The Gospel of John, on the other hand, presents an authoritarian Jesus in the tradition of the Old Testament God. This Jesus performs some of the same type of miracles as synoptic Jesus, but his purpose is not so much to help people as it is to show them he's a powerful son of God who speaks for the old man, & by God, folks had better follow him or else. Conservative religions like the Roman Catholic Church, traditionally, & evangelical sects have been drawn to the Gospel of John & to the OT God who's always pissed off at the Jews as well as their enemies.

One can't read the Bible to find out what Jesus might have been like, & what sort of moral code he would have espoused. There are a minimum of five quite differing versions of Jesus -- the four gospels & some of the supposed letters of Paul. So people pick their own guy & look for passages to support their own moral codes.

If you asked me what Christianity stands for, I'd have to say it represents a belief in the supernatural, in the afterlife & in divine judgment. From there, the believer is on his own to choose his path in hopes of getting thru the pearly gates.

Marie

July 28, 2015 | Registered CommenterMarie Burns

@Akhileus: I caught that comment by the babbler too. I forget her name, but she's on MSNBC a lot and is on their staff I believe. She rarely fails to spout conventional wisdom, and she did not disappoint in this instance.
Mika B. was awesome!

July 28, 2015 | Unregistered CommenterVictoria D.

Nice summation Marie.

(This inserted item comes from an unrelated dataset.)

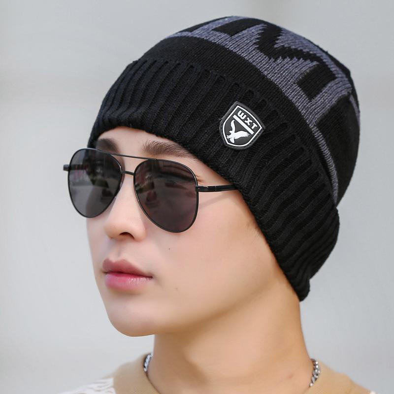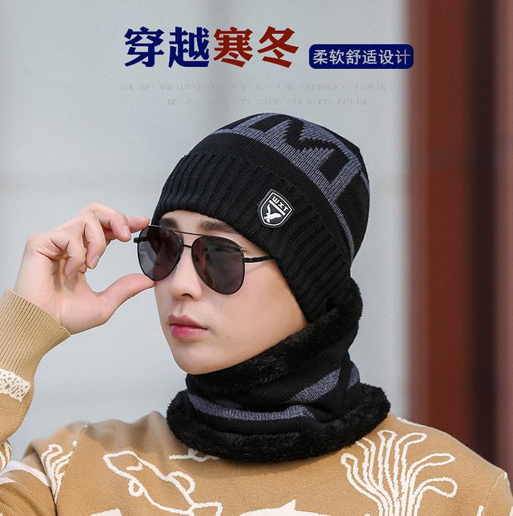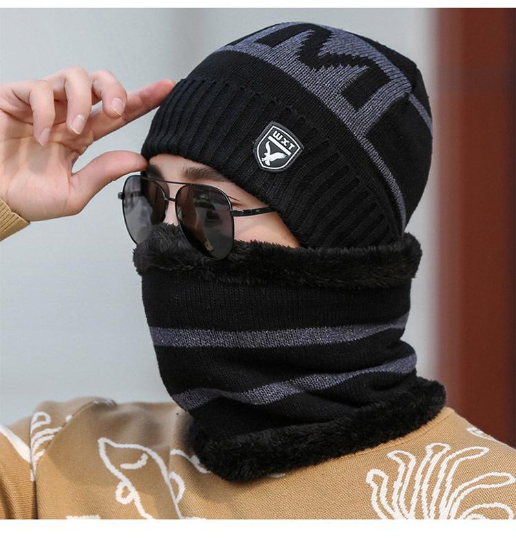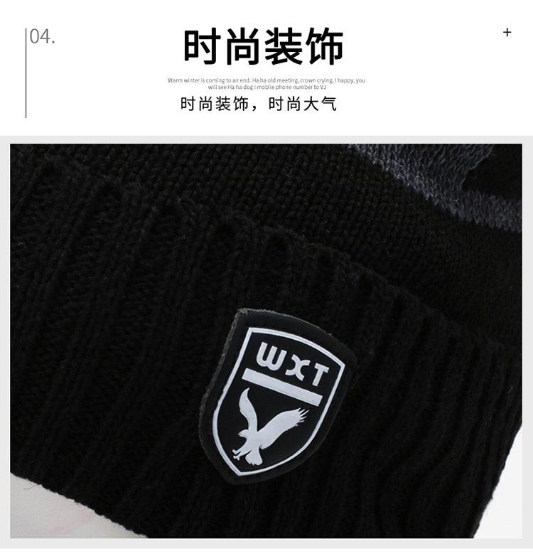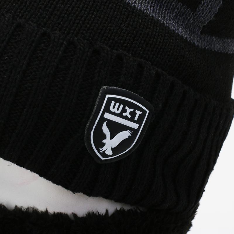 Gorro de Tricô Masculino Inverno Quente Espessado Lã Chapéu Forrado com Lã Outono e Inverno Marca Águia À Prova de Frio Pulôver Cachecol Chapéu Transfronteiriço

To which I'll just add that the bible thumpers ought sometime to actually read Deuteronomy. Mosaic law makes Sharia law look like a model of enlightened liberality. I doubt whether any of the GOP candidates would escape being stoned to death under the Deuteronomic Code.

July 28, 2015 | Unregistered CommenterD.C.Clark

Marie,

True, indeed true. Well said. Many of today's Christians are Republicans for a very good reason. They, too, are bad scientists (sorry Ms. Eddy), picking the data to support the desired conclusion, ethics and sense be damned.

Had more in mind the progressive/social gospel tradition that brought us many good things, if one is willing to ignore Prohibition and other excesses of do-goodism to which they were occasionally too prone. But maybe the social gospel business is a thing of the past.

My wife just reported that as she visited the local food bank to drop off some freshly picked beans, someone stopped a car and screamed repeatedly at the Hispanics waiting in line, "Go home to Mexico where you came from!"

Probably Christians...

July 28, 2015 | Unregistered CommenterKen Winkes

And somewhere beyond Sherwood Forest in an Atlanta suburb where a little black girl was celebrating her birthday with her extended family along came trucks of armed confederate supporters shouting racial slurs and death threats. Christians? Maybe––but one thing is certain: the evil in this act is not up for argument. And "Go home to Mexico where you came from," is not up for argument. And the person who made the "oven comparison" needs to be outed for the fool that he is and then be outed period. And the person who drugged and raped forty some women needs to atone. Enough is enough––I am sick to death of all of it!